Zach cast her a quick glance. "What are we
listing this morning?"

"I just wanted to review what we want to
accomplish today so we won't forget to ask something important."

"We only have one question. Did my father get a
vasectomy?"

"And what year did it take place?" she
added, checking off one of the questions she'd come up with the night before. "Plus
we should ask where it was done, if this woman knows, in case we need to check
records. And we might even ask if she knows where your father spent most of
1972 or at least the month when I might have been conceived. Then we should—"

"Kat?"

"What?" she asked, looking up from her list.

"Flexibility can give you an advantage." He
sent her a small, intimate smile that made her toes curl inside her tennis
shoes and made her heart flutter restlessly against her chest. Focusing on her
lists, on her priorities, had kept her from focusing on him, but now she'd gone
and done the unthinkable, made eye contact. And what eye contact. She had to
force herself to breathe.

"Besides, I'm not very good at following
directions," Zach said.

She was so lost in his eyes, she could barely follow
his words. Fortunately for her, he had to look back at the road and the
connection was broken. She took a deep breath, wondering how this one man could
have such an effect on her. She closed her notebook and set it back in her
purse. "Are we almost there?"

"Almost.

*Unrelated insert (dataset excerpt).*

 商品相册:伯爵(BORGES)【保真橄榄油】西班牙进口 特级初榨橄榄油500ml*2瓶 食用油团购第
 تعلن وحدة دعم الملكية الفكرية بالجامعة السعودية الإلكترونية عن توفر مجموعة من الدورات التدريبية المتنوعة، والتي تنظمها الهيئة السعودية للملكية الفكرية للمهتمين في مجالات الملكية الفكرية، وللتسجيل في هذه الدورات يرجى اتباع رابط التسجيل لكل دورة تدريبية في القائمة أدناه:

I have to warn you that while Churchill
Downs is one of the prettiest tracks in the country, the surrounding
neighborhood is fairly run-down. Horse racing may be the sport of kings, but
only inside the gates."

Katherine nodded, glancing out the windows as he
turned off the highway. As he'd said, the neighborhoods deteriorated as they
got closer to the track, an urban sprawl of small houses and faded lawns that
reminded her of some parts of
Los
Angeles
.

"If you like flowers, you should definitely stick
around to see the
Derby
,"
Zach said, drawing her attention back to him.

"Why?"

"The
Downs
has
its own greenhouses, and the week before the
Derby
, they begin bringing out the flowers to
set up in the paddock and the infield. I think the winner's circle is made up
of something like eight hundred red and white begonias. I don't know the exact
number, but when you see the track on
Derby
day, it's like seeing someone in their Sunday best. It's spectacular."

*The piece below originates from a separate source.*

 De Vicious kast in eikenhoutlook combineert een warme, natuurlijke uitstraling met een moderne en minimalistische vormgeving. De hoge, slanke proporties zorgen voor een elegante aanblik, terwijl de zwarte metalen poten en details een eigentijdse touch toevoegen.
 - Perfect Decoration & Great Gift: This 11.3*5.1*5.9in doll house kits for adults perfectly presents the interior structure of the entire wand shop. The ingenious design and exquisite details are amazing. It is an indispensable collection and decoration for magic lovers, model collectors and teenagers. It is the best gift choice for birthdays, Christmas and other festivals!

"I wouldn't have thought you noticed anything but
the horses," she teased.

He tipped his head. "Well, the flowers I'm most
interested in are the roses that will be draped around Rogue's neck when he wins
the
Derby
."

"Pretty sure of yourself, aren't you?"

"I know what I've got."

"Isn't the
Derby
the biggest race of the year? Couldn't you have picked a smaller dream?"

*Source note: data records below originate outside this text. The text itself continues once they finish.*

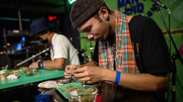 En un pequeño café para consumidores de cannabis, un grupo de fumadores se reúnen para intentar hacerse con uno de los tres premios del campeonato: el porro más rápido, el más creativo y la mejor variedad de cannabis tailandés.
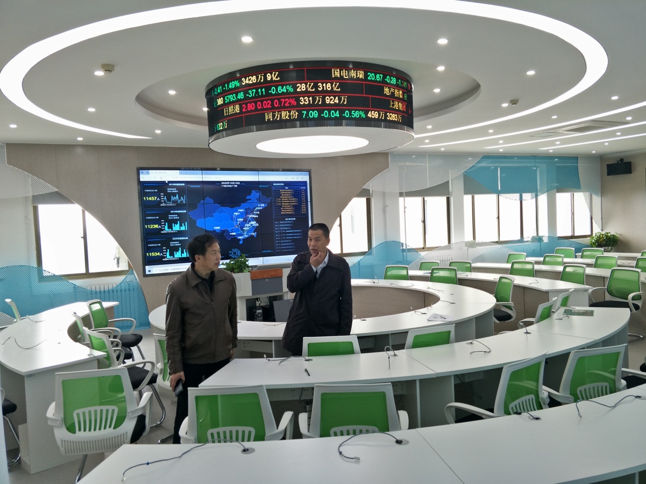 华北水利水电大学管理与经济学院院长李纲教授带领Beat365官网一行实地参观并讲解了人工智能测量实验室、商业行为测量实验室、新商科VR仿真沙盘综合实验室、智慧物流生产性仿真实验室、财务共享中心、国际商务与金融实验室等实验室的具体内容。
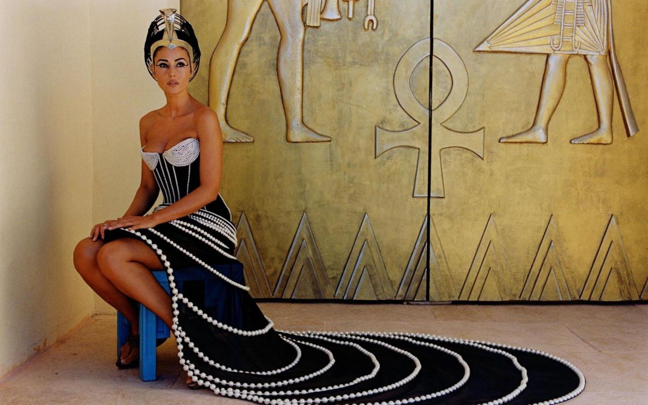 monica bellucci, italian, actress, model, brunette, sexy babe, cosplay, egyptian, cleopatra, pharaoh, personality, make up art, fancy robe, real celebs wall

"Only the big ones count."

"I've always admired people who go for broke. Like
those little gymnasts in the Olympics who train every second of every day for
years and years and then it's all over in one vault, one floor exercise, one
mistake, one moment of brilliance. I can't imagine investing myself in anything
like that."

"Can't you?" Zach asked. "Isn't that
what you're doing right now? You've set a pretty high bar in trying to find
your father. There's a good chance you won't make it over, but that hasn't
stopped you from trying. I'd say that takes some guts. I'm not sure what it
says about your brain, but folks think I'm crazy, too."